Where Do Hurricane Names Come From?

We are in the middle of hurricane season and already have a tropical storm named Michael in the Atlantic Ocean. From memorable storms like Katrina to easily forgettable ones like Beryl, naming a tropical system has always been a ‘weather wonder’. Do random people name hurricanes after themselves? Is it the first person to notice it’s formed? After much research, I have found the answer.

Until the middle of the 20th century, Atlantic hurricanes were named for specific days they made landfall on or people and towns they affected by whomever was tracking the storm. This is why the Galveston Hurricane of 1900 does not have an official name. In the 1940s or 1950s, tropical storm names started to get a little more organized.
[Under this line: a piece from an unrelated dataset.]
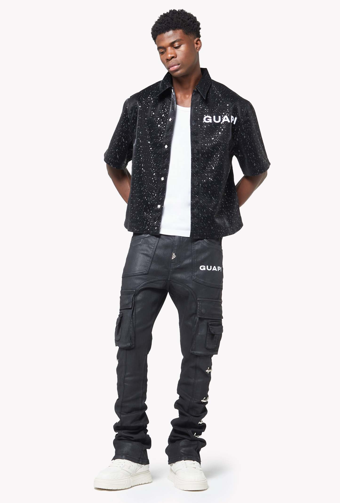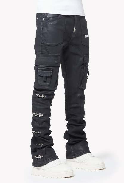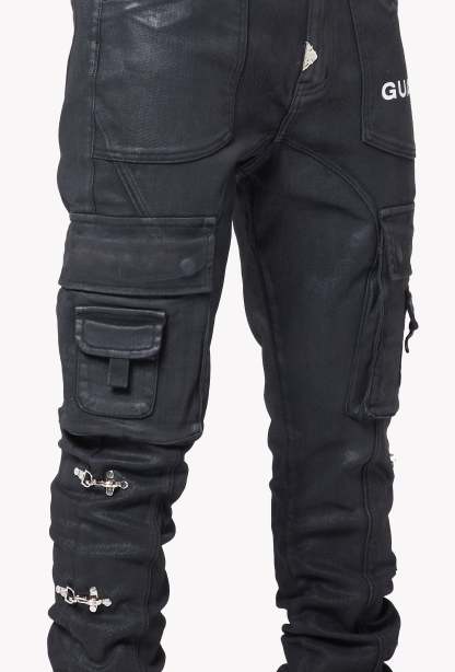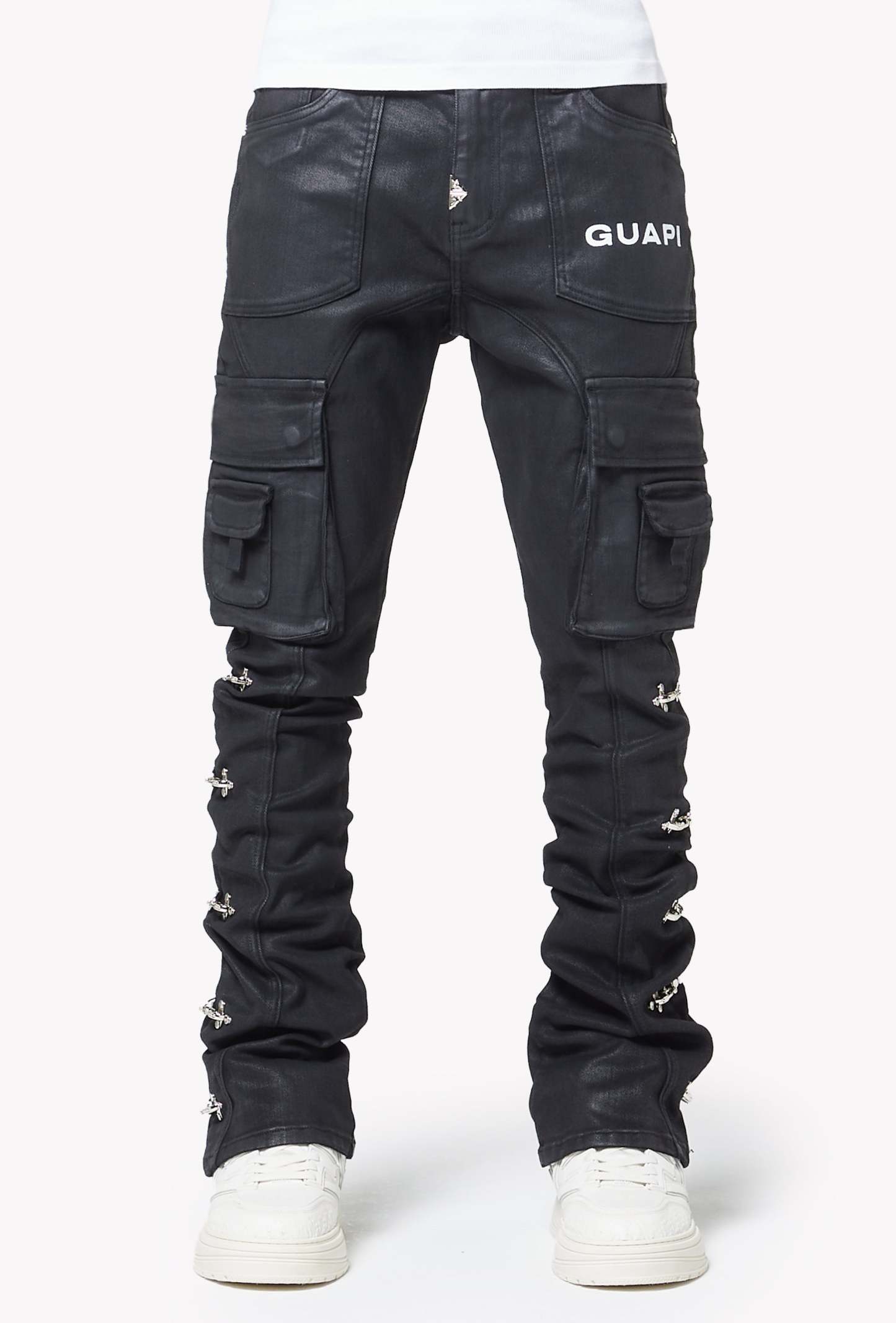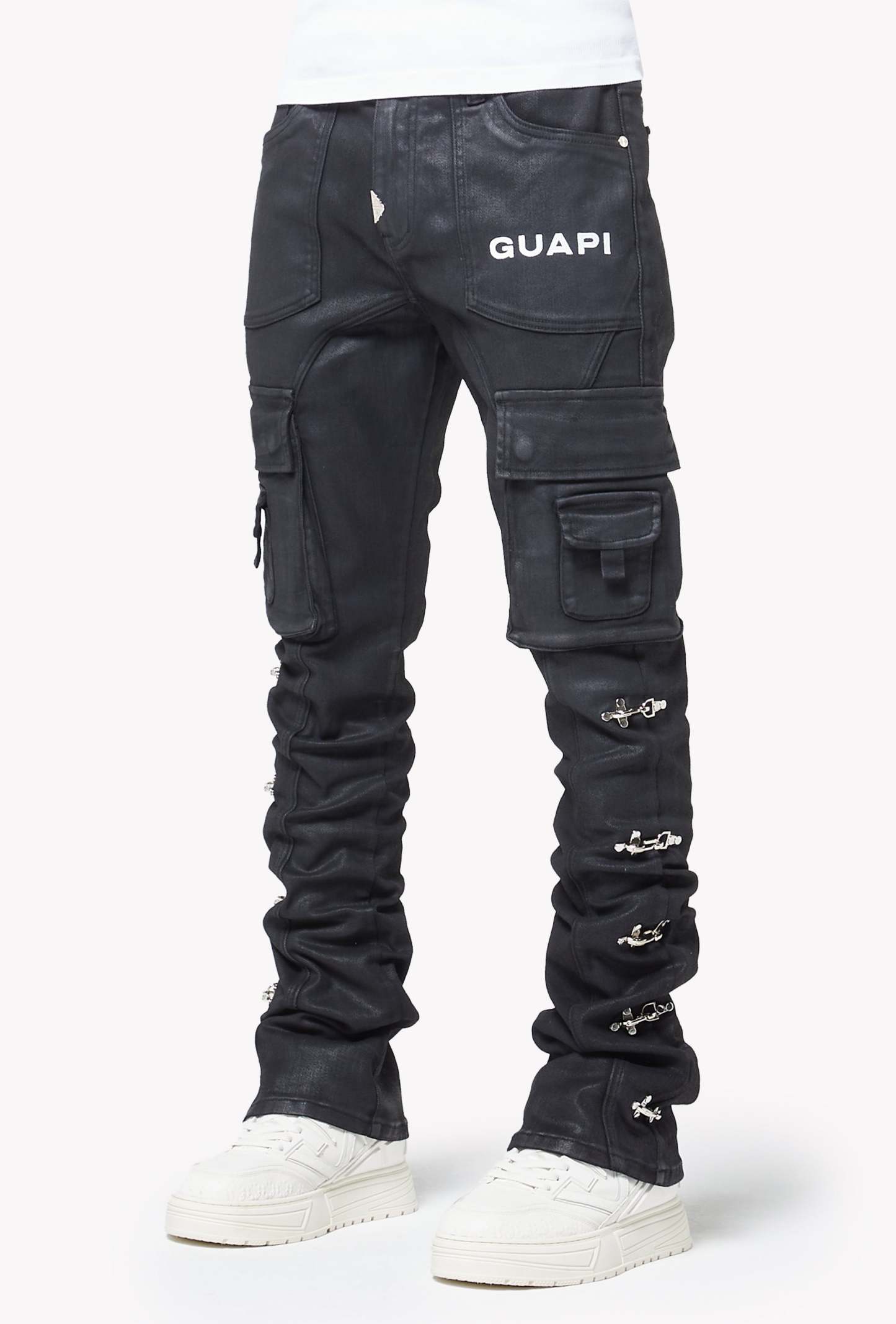 Silver cross-lock hardware runs vertically along the lower legs, adding an aggressive metal detail that sets the style apart. Natural stacking builds around the ankles for a signature GUAPI silhouette. Finished with branded embroidery and functional pocket layout, these cargos combine utility, edge, and premium craftsmanship in one standout piece.

In 1956, the National Hurricane Center was created as a forecast and monitoring hub for hurricanes. They took over naming storms only after women, as it seemed to be the tradition all over the world at the time. In 1979, the world started including masculine names into hurricane naming lists. Pretty soon after, an international committee called the World Meteorological Organization took over the process for every tropically active basin in the world.

Six lists of twenty one names are used in the Atlantic basin, with each list being used every six years. If a storm causes a lot of damage or has a big social impact, the name of that storm is then retired and replaced by the WMO. They come up with names that are easily recognizable by the people and countries affected by the approaching storm and do not take requests for possible names.